Sounds good to me. Now that I think about it, I've never been below the equator, perhaps a trip to Australia is in order.

Legibility was a concern when I was considering which Omega Seamaster GMT to get. Now that I have it, it is never a problem. The hands on the Great White are very well made, and contrast nicely with the dial. No issues with regard to legibility. I may need to try some lubricants to fix my bezel. This watch has been in the ocean more than a few times, and although I rinsed it thoroughly, I don't think it's ever been through a intense cleaning.

Like you, titanium is definitely an obsession of mine, not only for watches, but anything I use. I have more Ti pens/tools/watches than is healthy; fortunately, Ti is hypoallergenic. The Ti RT Quartz Chrono is high on my list of watches to complete my collection.


----------



## HappyJack

enkidu said:


> Sounds good to me. Now that I think about it, I've never been below the equator, perhaps a trip to Australia is in order.
> 
> Legibility was a concern when I was considering which Omega Seamaster GMT to get. Now that I have it, it is never a problem. The hands on the Great White are very well made, and contrast nicely with the dial. No issues with regard to legibility. I may need to try some lubricants to fix my bezel. This watch has been in the ocean more than a few times, and although I rinsed it thoroughly, I don't think it's ever been through a intense cleaning.
> 
> Like you, titanium is definitely an obsession of mine, not only for watches, but anything I use. I have more Ti pens/tools/watches than is healthy; fortunately, Ti is hypoallergenic. The Ti RT Quartz Chrono is high on my list of watches to complete my collection.


Great news - I have another (spare) Revue Thommen coming!


----------



## john111

great insight in the article about reveu thommen chonograph pilot's watch never knew Breitling and Tag also take there services in making their military style watches.


----------



## HappyJack

john111 said:


> great insight in the article about reveu thommen chonograph pilot's watch never knew Breitling and Tag also take there services in making their military style watches.


Thanks.
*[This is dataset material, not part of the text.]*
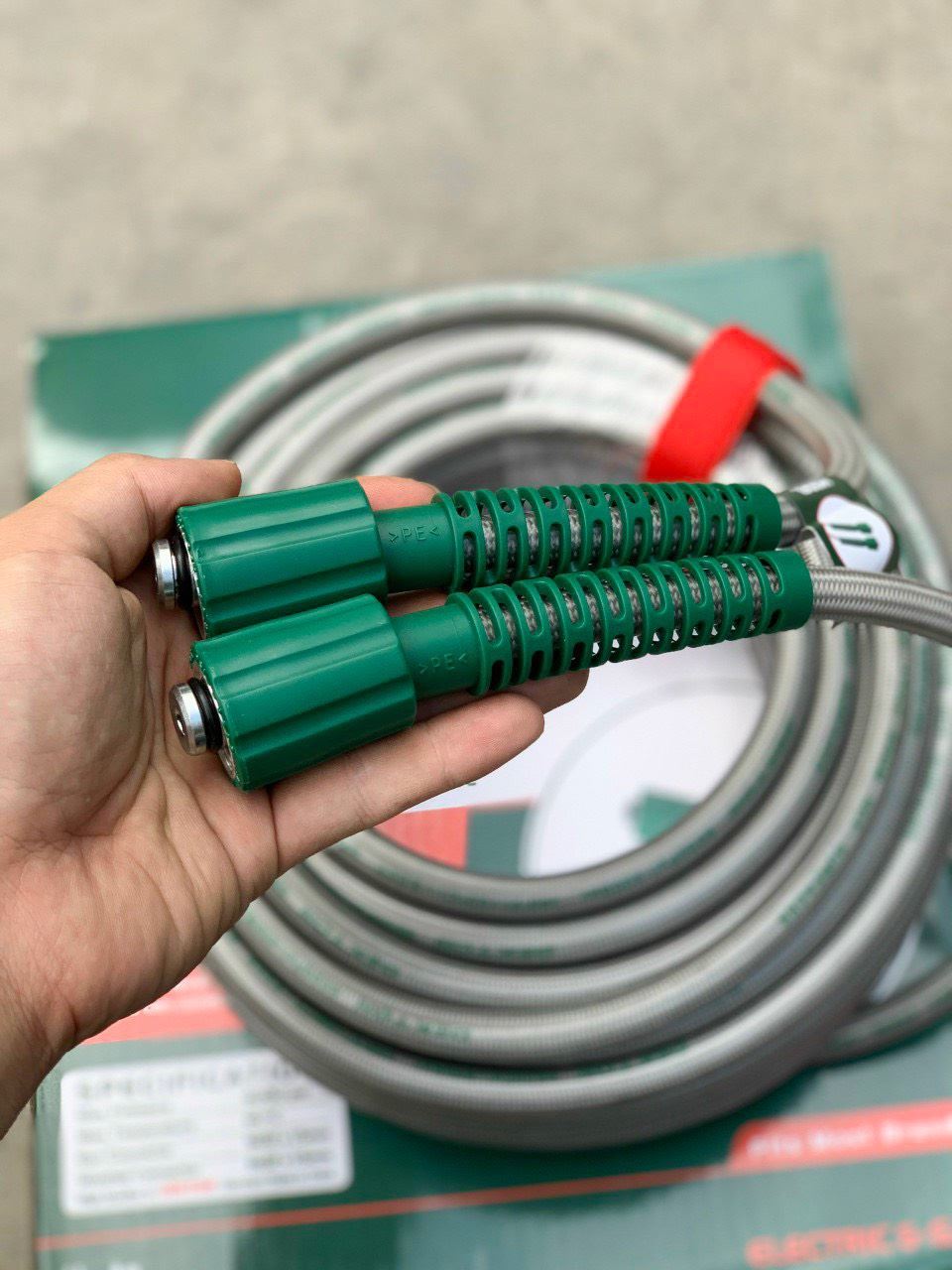 - Thông thường các dây áp lực theo máy rửa trên thị trường chất lượng không được tốt vì đa số nhà sản xuất muốn giảm giá thành máy rửa nên dây đi kèm chất lượng sẽ không tốt, mau hư, nhanh hỏng.

To be clear, I'm not aware of any direct connection between RT and TAG or Breitling. But all three brands use or have used either the ETA 251.262 movement, or the HEQ, Thermo-compensated version of it, sometimes known as the 251.232.


----------



## enkidu

And now I have one! Indirect from HappyJack via servicing. Crazy thin, light, and legible. Big plans for this watch in 2014.


----------



## The watch knob

Thanks in part to the original review on this thread, I picked one of these up brand new - black dial and Ti bracelet. I didn't have time to re-size the bracelet last night, so I threw it on a Maratac RAF style NATO right after I peeled the plastic off. Super light weight compared to most of my collection, really wearable.
I would add to the minuses though, that the lume is pretty weak. I have a SL version (obviously) but only the bezel pip and hands really glow (dial markers were faint) and when I got up this morning, they were not visible. I'm not too worried about it (even though I like lume) but if you're a big lume person, this one will disappoint.


----------



## dheinz14

Thanks for the review.


----------



## Belloc

I've been in the market for a chronograph, and with wrists too small to comfortably wear a mechanical, started looking at quartz options. This thread got me looking at the RTs, and there's a seller on eBay offering the quartz version cheaper than they seem to have been going for when this thread started (directtime - I have no connection, fwiw). He had just sold his last blue, so I contacted him and he said he can order direct from the factory. Just passing that along...


----------



## Belloc

Meant to say - fantastic review, thanks!


----------



## HappyJack

Thanks for the kind words. Since I wrote this review I've had several of these models - both the quartz and the Lemania 5100 auto versions. I don't currently have one of the quartz, though I probably should have - they are a great watch for yacht racing, since you can adjust the chrono minute hand to act like a countdown timer before the start and a count-up timer after; there is also a split timing function which is useful for checking elapsed time at a mark so you can work out your position relative to a yacht with a different handicap.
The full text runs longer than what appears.